According to Bane, HCI is especially interested in developing new courses and educational programs for Harvard students, from undergraduates to postdoctoral fellows. Several such courses and programs are already under way. Sponsored by the Harvard Project on Schooling and Children, Kagan and Minow (along with GSE Professor of Anthropology Robert LeVine) inaugurated a new Core course for undergraduates, Children and Their Social Worlds, in 1997. The course, also known as Social Analysis 56, considers the problems facing contemporary children from the viewpoints of anthropology, history, sociology, psychology, and law, and will be taught for the third time in spring 1999. Other current training activities include postdoctoral fellowships in evaluating programs for children, beginning the second year this fall with 10 fellows, and a series of new interdisciplinary courses on children's issues offered across the University with support from Children's Studies at Harvard.

HCI will also promote new interdisciplinary research, building on existing programs such as Hit or Miss, a sponsored research project that examines the influence of school, social service, and community interventions on behalf of children's learning and well-being, and the interdisciplinary research seminars devoted to children's identities, resilience, and public discourse sponsored by Children's Studies at Harvard. The goal of all current and future efforts is to bring together faculty and students from the relevant disciplines and fields to produce new, flexible, and responsive ways of thinking about and responding to children's issues.

As an example of the new insights HCI hopes to achieve, Faculty Steering Committee member Professor McCormick points to an interdisciplinary seminar on children and health she will convene this year, along with Stuart Hauser, professor of psychiatry at Harvard Medical School and president of Judge Baker Children's Center. "We don't have a theory or a clear understanding of the role of physical health and the experience of illness on child development," McCormick said. "The seminar will try to identify the relevant dimensions of ill health influencing child development, the influence of the experience of illness on interactions in the family, and the intersection of health issues with other dimensions of development, such as cognition."
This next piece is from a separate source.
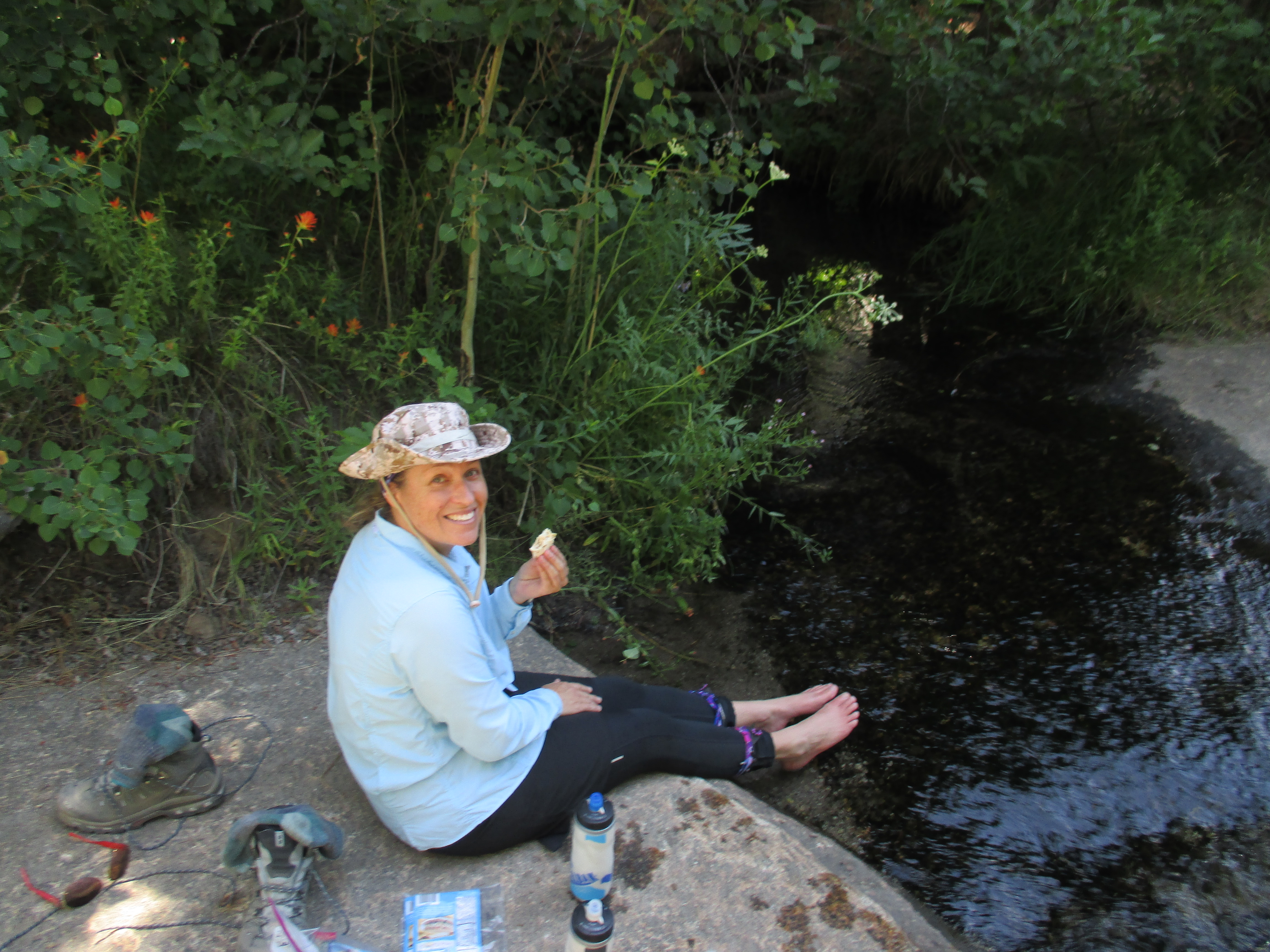 We eat lunch by a small creek and soak our feet for a bit. We are loving the weather and enjoying the amazing scenery.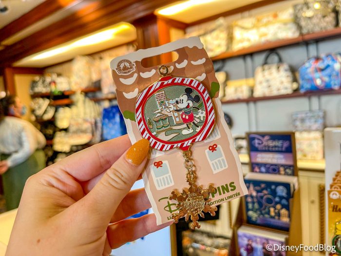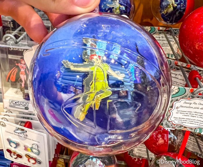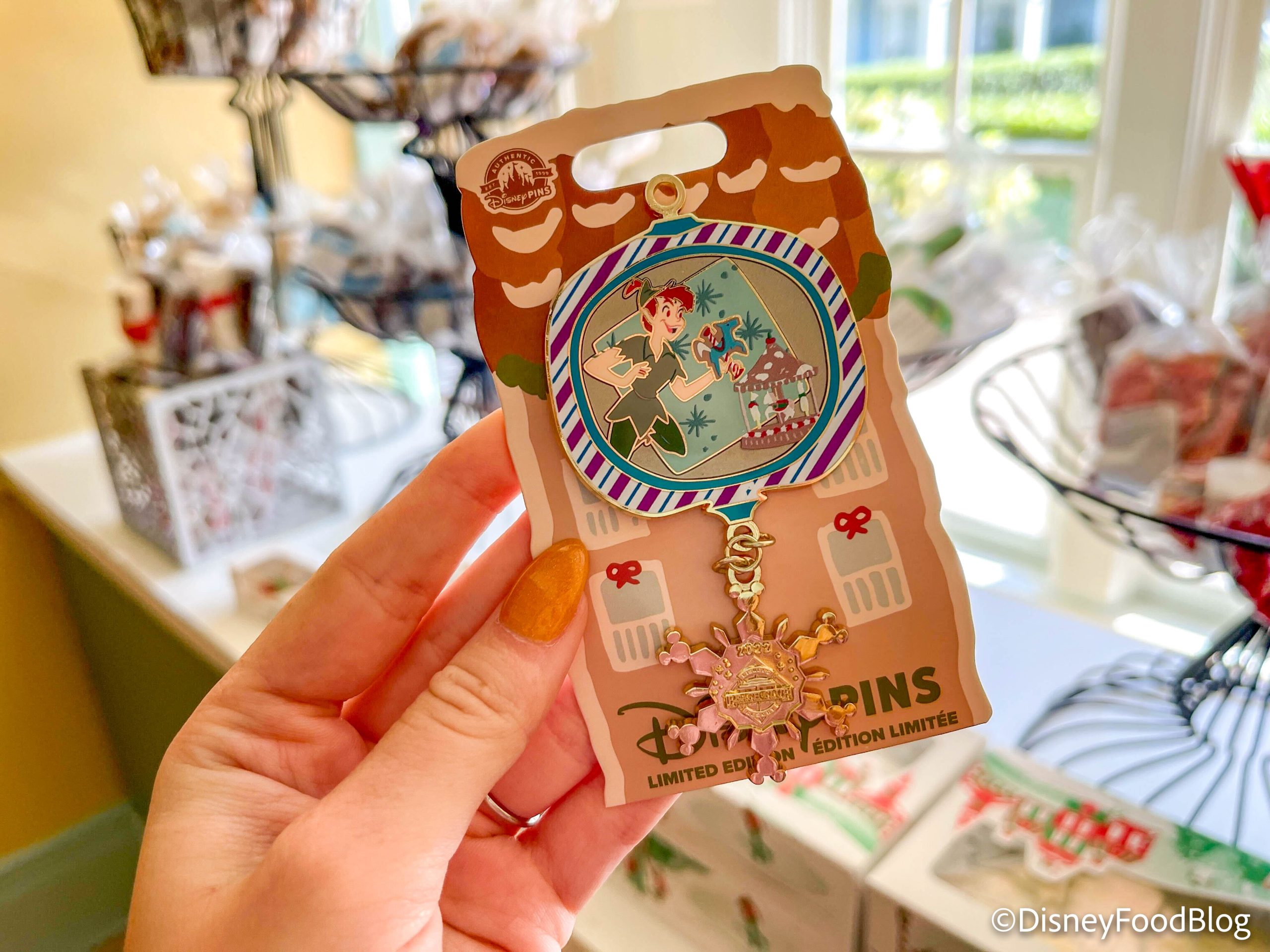 Guess what else we found in the merchandise shops — if you guessed pins, you’d be correct! There’s the Peter Pan Holiday Pin…

McCormick also serves as director of the Harvard Center for Children's Health. Based at the School of Public Health, the Center aims to shape public policies, lead the discovery of new practices for prevention and intervention, and facilitate implementation of effective preventive and health promotion programs for children. As such, the Center places particular emphasis on dissemination, sponsoring public events, media forums, and a newsletter, as well as sponsoring an annual Award for Excellence in Children's Health.

HCI will build on the Center's strength in this area by developing a comprehensive Website and other dissemination activities. And, to introduce the Children's Initiative to Harvard and the larger community, the group plans a conference on the many determinants of children's academic achievement, psychological development, and health, to be held Feb. 5 and 6, 1999, at the American Academy of Arts and Sciences. "We're organizing an exciting lineup of speakers who will discuss the genetic, biological, family, and community influences on children's development," Kagan said. "We'll examine these influences with respect to three different childhood outcomes: academic performance; signs of psychopathology, especially asocial behaviors and anxiety; and finally, asthma, which is becoming an increasingly frequent chronic illness."

The Harvard Children's Initiative is one of the five Interfaculty Initiatives under the auspices of the Office of the Provost.